Surgical Procedure Simulators

"An Educational Tool"


Appendectomy Simulator

The appendectomy simulator was primarily developed to test the student Surgical Technologist's ability to pass sutures and instruments, anticipate the progression of the procedure and deal with the contaminated specimen, among other tasks.

This simulator helps to create an environment where various surgical instrumentation can be applied. The instruments and sutures used on the simulator are the same used in an actual appendectomy procedure.

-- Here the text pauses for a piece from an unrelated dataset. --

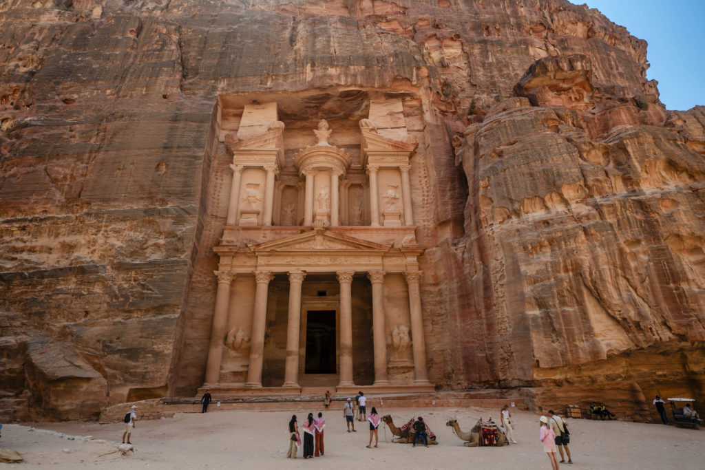 佩特拉是來到約旦必訪的景點,岩石呈現特殊的赤褐色,有 「玫瑰城」美稱,由一整塊砂岩雕刻而成的卡兹尼神廟等建築遺跡,工藝之美,保證讓您讚嘆又讚嘆。
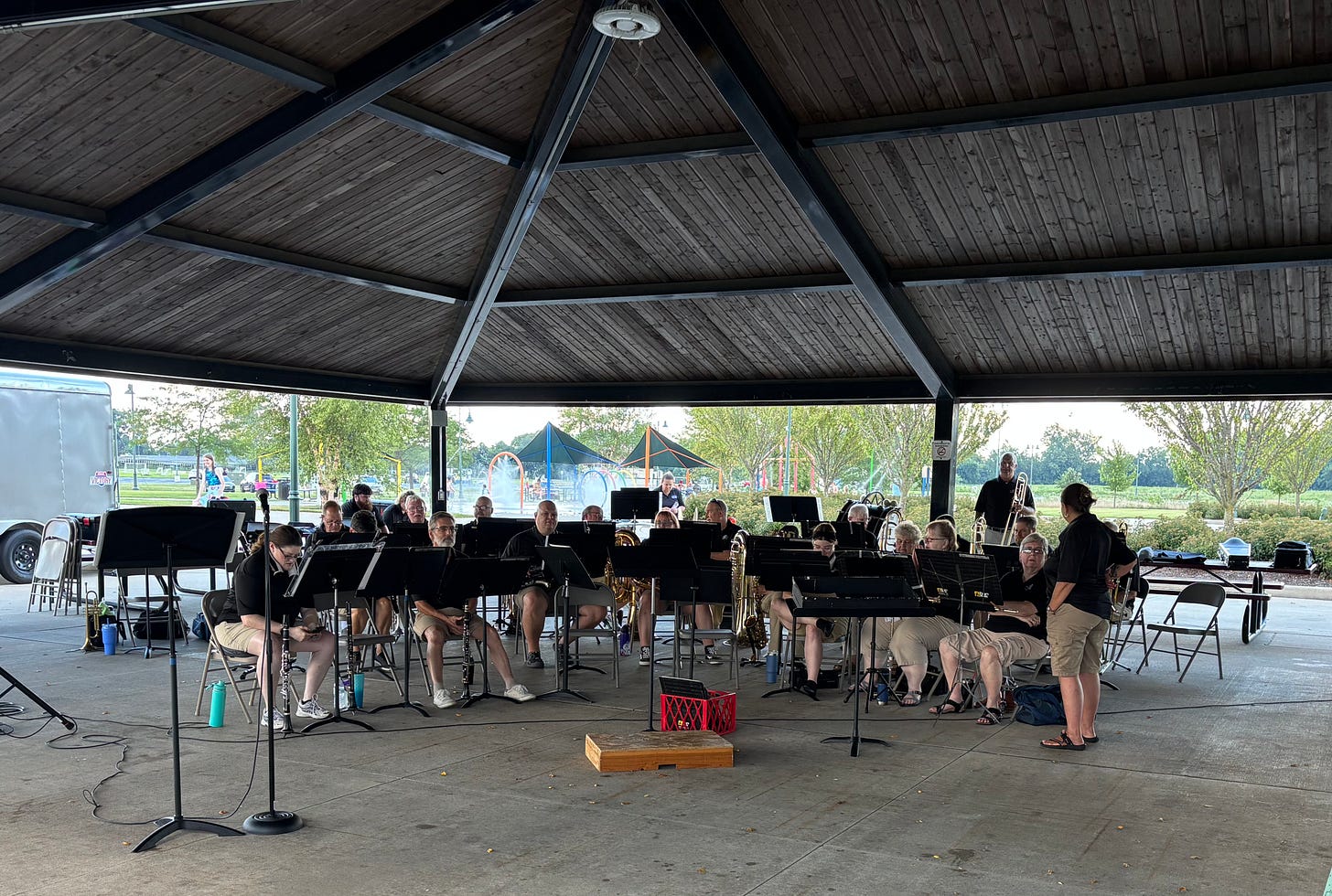 Shelby Community Band members prepare to play a patriotic-themed concert last night at Blue River Memorial Park. | photo by KRISTIAAN RAWLINGS

The following directions are intended to be used as a guide for the instructor. Any vairation of the procedure may be made as needed.

Instructions

  1. Attach the simulator to the operative field using the Velcro patch.
    (Be sure that the side of the simulator with the DELLETEC label is facing toward the head of the bed.)
  2. Drape the simulator in the usual manner.
  3. Make a skin incision. Incise the adipose tissue and retract with Army/Navy retractors.
    Clamp, cut and tie the vessels in the adipose tissue.
  4. Dissect through the adipose layer, and grasp the fascia with two kellys and incise with the deep knife.
    Gelpi self-retaining retractors can also be used.
  5. Dissect through the muscle. Pick up the posterior fascia with two kellys, incise with the deep knife and extend the incision.
  6. Grasp the peritoneum with two kellys, incise with the deep knife and extend the incision.
  7. Grasp the appendix with a Babcock clamp. (Cultures could be taken at this time.) Crush the base of the appendix with a clamp and place an O-Chromic tie at the base.
  8. Excise the appendix. Pass the specimen with the dirty instruments to the technologist. Place a purse string suture around the stump of the appendix. Tighten the purse string stitch, tie and cut.
  9. Close the peritoneum with suture of choice. (Drains may be placed at this time.)
  10. We recommend that the fascia be closed using an inturrupted stitch with an eyed needle. This gives the student the opportunity to practice threading and passing eyed suture.
  11. Close the adipose and skin layers in the usual fashion. Skin staples or steri-strips may be used if desired.